Turkey Economy Stats

jaacosta47

Author: jaacosta47

The economy of Turkey used to be described by international observers as a miracle. However, it has slowed down and the domestic currency has lingered around record laws as against the US dollar. Some large private corporations are also staring at immense foreign debts. What is the cause of all this disarray? The truth is a lot of developed countries struggled with growth in after the global economic downturn. Turkish Prime Minister attributed Tuyyip Edrogan attributed his country’s progress during the past 10 years for its capability to attract foreign investors from Europe and emerging markets like Russia and China.

Fast economic growth was caused by cheap credit pouring into the country. As the crisis hit developed economies, investors turned to emerging economies which guaranteed higher returns compared to despondent Western markets. Turkey enjoyed a foreign-funded construction surge. Nonetheless, the good times came to a halt when the United States Federal Reserve declared a scale-back in its stimulus program last year. Cash became scarce. There was more security in the American economy. Therefore, investors started withdrawing their investments from upcoming markets.

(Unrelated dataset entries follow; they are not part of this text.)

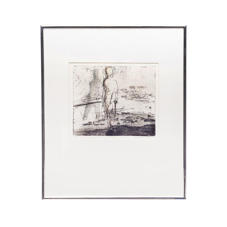 Jacqueline Tollenaar, 'De mens en zijn schaduw'. Ets/aquatint, oplage 6/15, in zilverkleurige kunststof lijst met passe-partout. Zwart-wit afbeelding met bruine accenten van een figuur in lijnen met ernaast een schaduw in grijstinten. Signatuur rechtsonder. Datering onbekend. Conditie: gebruikssporen lijst. Afmetingen lijst: 61 x 51,5 cm; beeldvlak: 24,5 x 29 cm.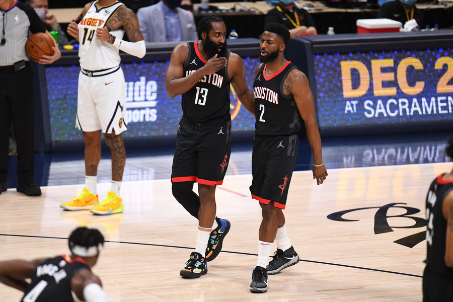 Dec 28, 2020; Denver, Colorado, USA; Houston Rockets guard James Harden (13) and guard David Nwaba (2) speak in the first quarter against the Denver Nuggets at Ball Arena. Mandatory Credit: Ron Chenoy-USA TODAY Sports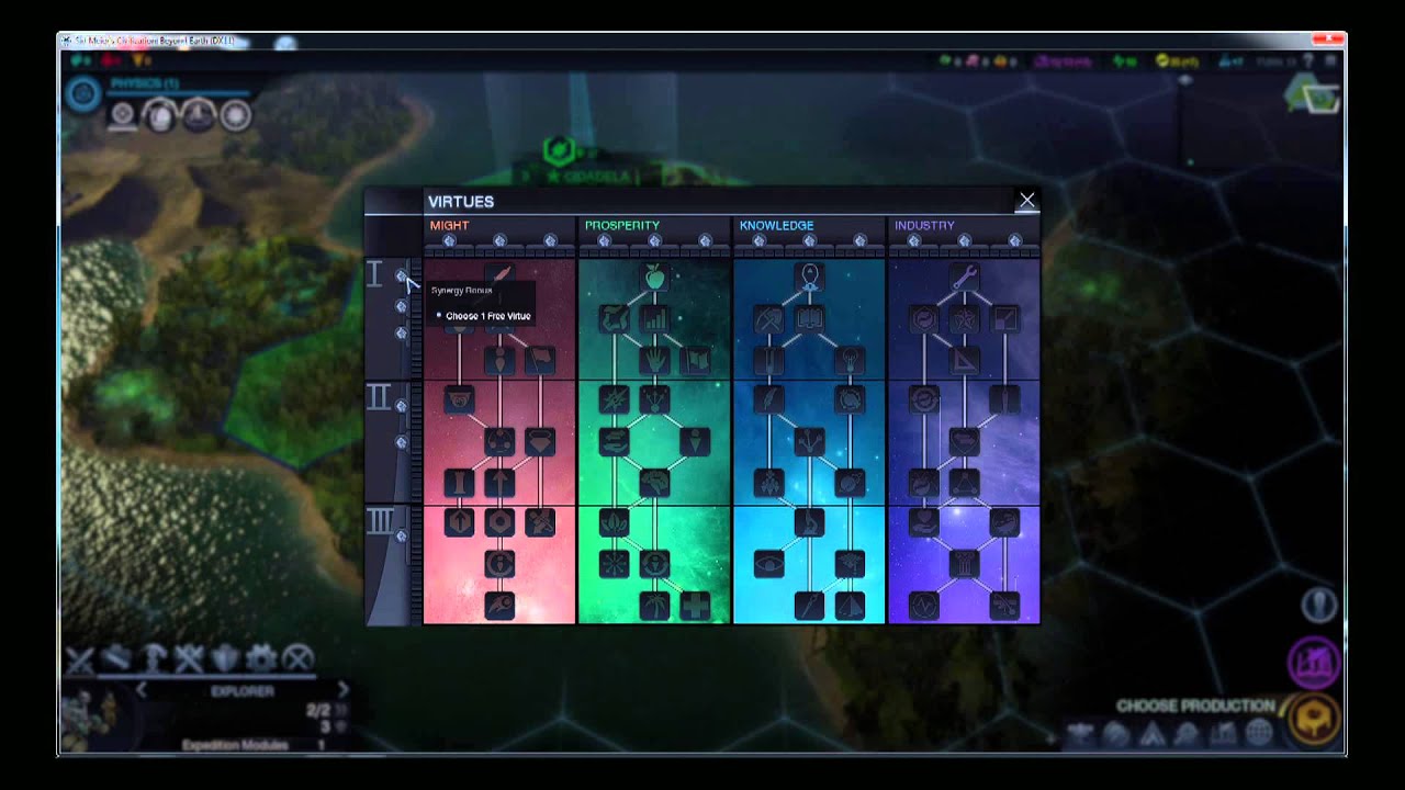 Počas streamu bol okrem tohto taktiež priblížený Virtues systém. Ten je napokon veľmi podobný systému sociálnej politiky z piatej Civilizácie, kde si môžete vybrať zo štyroch možností, čomu sa bude vaša spoločnosť venovať - sile, prosperovaniu, vzdelaniu či priemyslu, no môžete ich aj kombinovať.

Yet, Turkey's growth faltered to just above two percent while inflation rose to 7.4 percent in 2013. These figures were still over the five percent target. On the contrary, the national currency (Lira) slumped further at the start of the year compelling Turkey's central bank to espouse a radical approach and interest rates from 7.7 percent to 12 percent. This is an indication of the bank's resolve to prevent foreign capital outflows. Perhaps, this is a sign of the economy’s resilience which grew by 4.4 percent during the last part of 2013.

Overview:

Turkey's economy is increasingly driven by its industry and service sectors, although its traditional agriculture sector still accounts for about 30% of employment. An aggressive privatization program has reduced state involvement in basic industry, banking, transport, and communication, and an emerging cadre of middle-class entrepreneurs is adding a dynamism to the economy. Turkey's traditional textiles and clothing clothing sectors still account for one-third of industrial employment, despite stiff competition in international markets that resulted from the end of the global quota system. Other sectors, notably the automotive, construction, and electronics industries, are rising in importance and have surpassed textiles within Turkey's export mix. Oil began to flow through the Baku-Tbilisi-Ceyhan pipeline in May 2006, marking a major milestone that will bring up to 1 million barrels per day from the Caspian to market. Several gas pipelines also are being planned to help move Central Asian gas to Europe via Turkey, which will help address Turkey's dependence on energy imports over the long term. After Turkey experienced a severe financial crisis in 2001, Ankara adopted financial and fiscal reforms as part of an IMF program. The reforms strengthened the country's economic fundamentals and ushered in an era of strong growth - averaging more than 6% annually until 2009, when global economic conditions and tighter fiscal policy slowed growth to 4.7%, reduced inflation to 6.5% - a 34-year low - and cut the public sector debt-to-GPD ratio below 50%. Turkey's well-regulated financial markets and banking system weathered the global financial crisis and GDP rebounded strongly to 7.3% in 2010, as exports returned to normal levels following the recession. The economy, however, continues to be burdened by a high current account deficit and remains dependent on often volatile, short-term investment to finance its trade deficit. The stock value of FDI stood at $174 billion at year-end 2010, but inflows have slowed considerably in light of continuing economic turmoil in Europe, the source of much of Turkey's FDI. Further economic and judicial reforms and prospective EU membership are expected to boost Turkey's attractiveness to foreign investors. However, Turkey's relatively high current account deficit, uncertainty related to policy-making, and fiscal imbalances leave the economy vulnerable to destabilizing shifts in investor confidence.

Definitions

  • Budget > Revenues: Revenues calculated on an exchange rate basis, i.e., not in purchasing power parity (PPP) terms
  • Budget surplus > + or deficit > -: This entry records the difference between national government revenues and expenditures, expressed as a percent of GDP. A positive (+) number indicates that revenues exceeded expenditures (a budget surplus), while a negative (-) number indicates the reverse (a budget deficit). Normalizing the data, by dividing the budget balance by GDP, enables easy comparisons across countries and indicates whether a national government saves or borrows money. Countries with high budget deficits (relative to their GDPs) generally have more difficulty raising funds to finance expenditures, than those with lower deficits.
  • Debt > Government debt > Public debt, share of GDP: Public debt as % of GDP (CIA).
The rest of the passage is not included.